[Opening AVAILABLE DATA section]

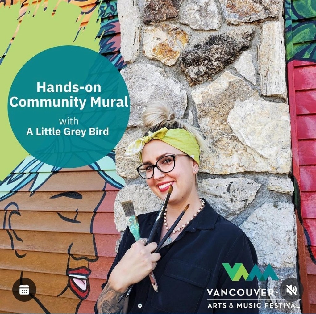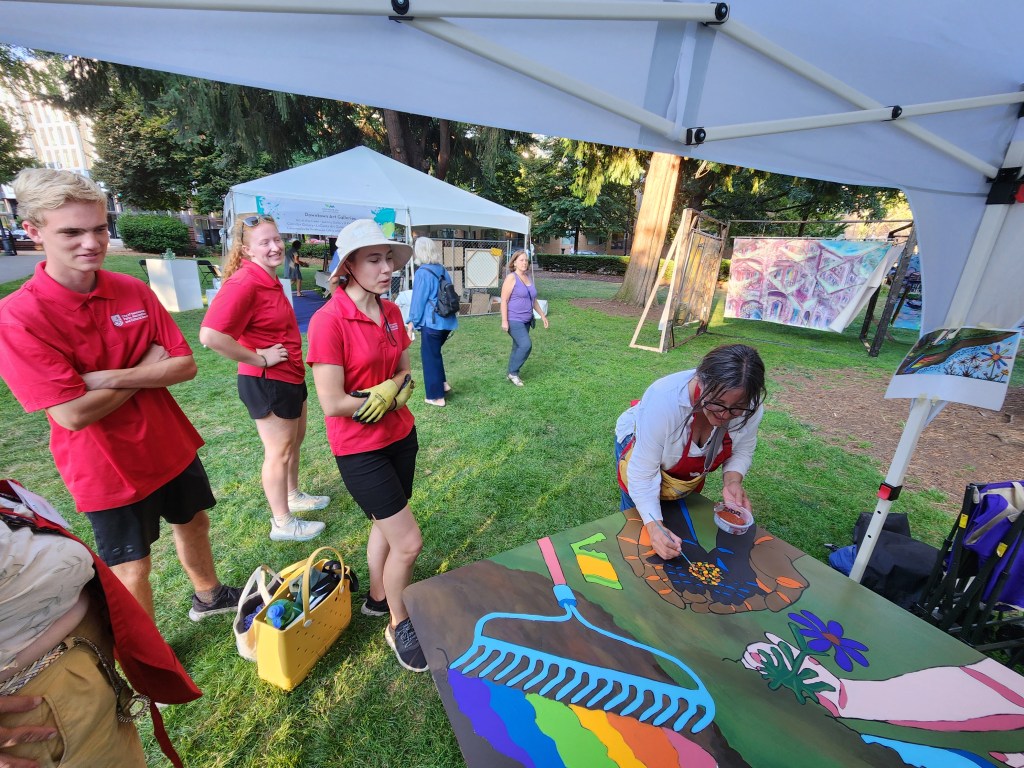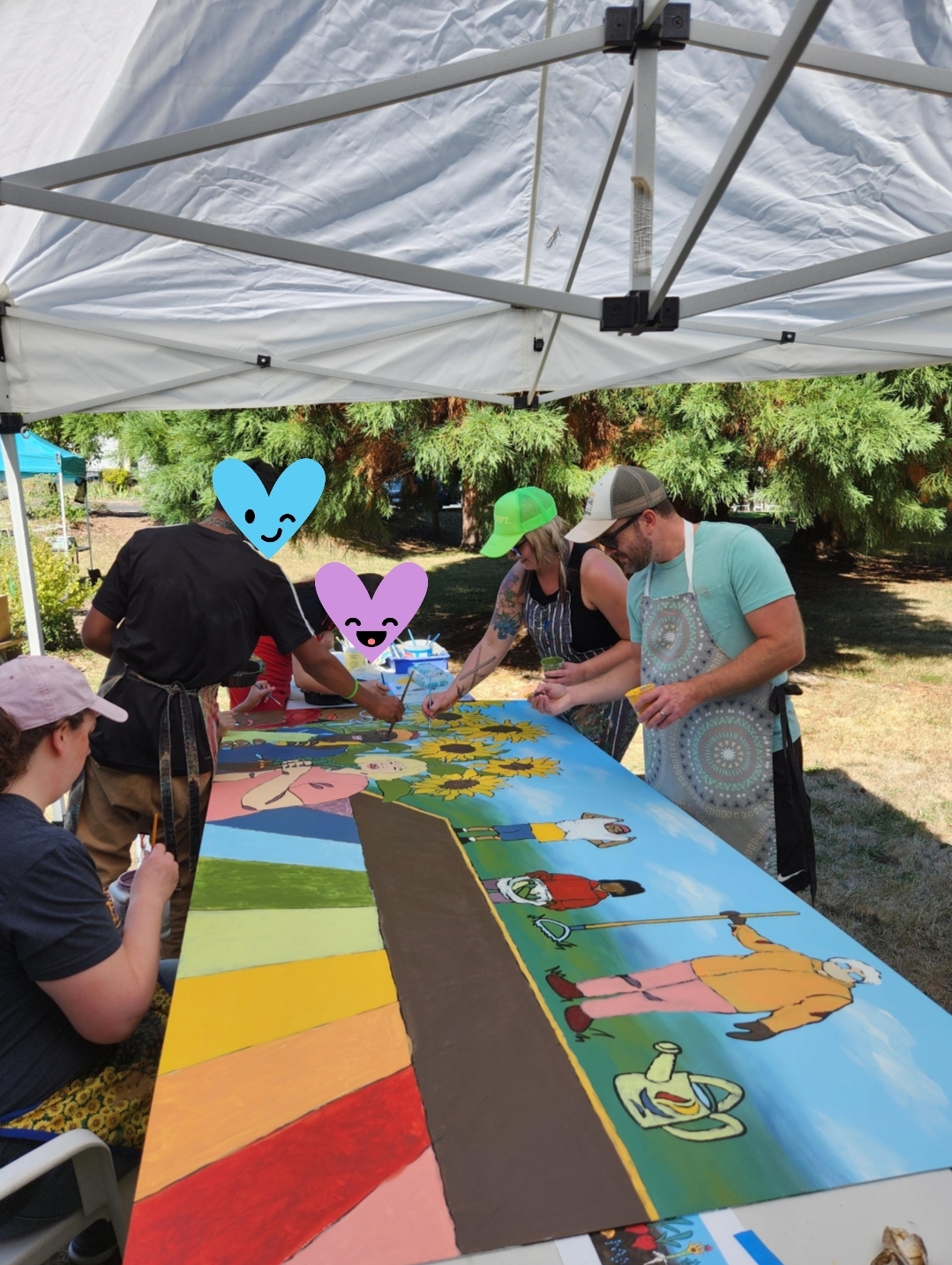 Designed and led by Sarah Lynne Hunter, this collaborative mural panel was created in community during the 2024 Vancouver Arts & Music Festival at Esther Short Park in Vancouver, WA. The artist completed final touch-ups and sealant in her studio and the mural panel will be installed in the City of Vancouver [final location TBD].
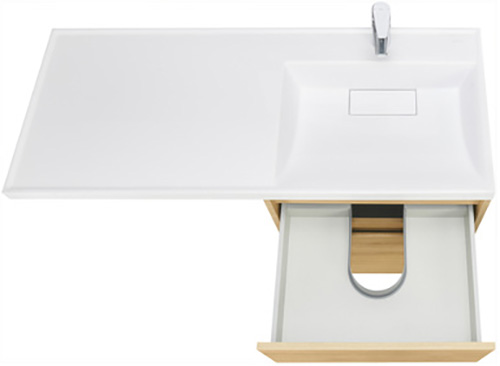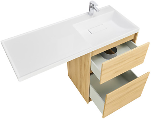 - Верхний ящик открывается с помощью системы push-to-open, а нижний - за фасад с помощью удобного выпила под углом.
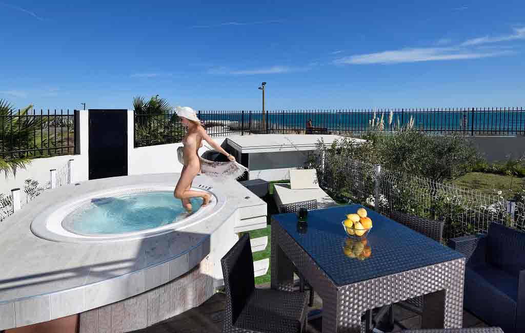 Cette résidence naturiste à la décoration contemporaine mêlant luxe et élégance est située à 50 m de la plage.

[Closing AVAILABLE DATA section]

**EXERCISE:**
Only an exact copy of the lines from the one with "- Верхний ящик" through the last line of the data above is wanted, and no pictures.

**WRITTEN ANSWER:**
 - Верхний ящик открывается с помощью системы push-to-open, а нижний - за фасад с помощью удобного выпила под углом.
 Cette résidence naturiste à la décoration contemporaine mêlant luxe et élégance est située à 50 m de la plage.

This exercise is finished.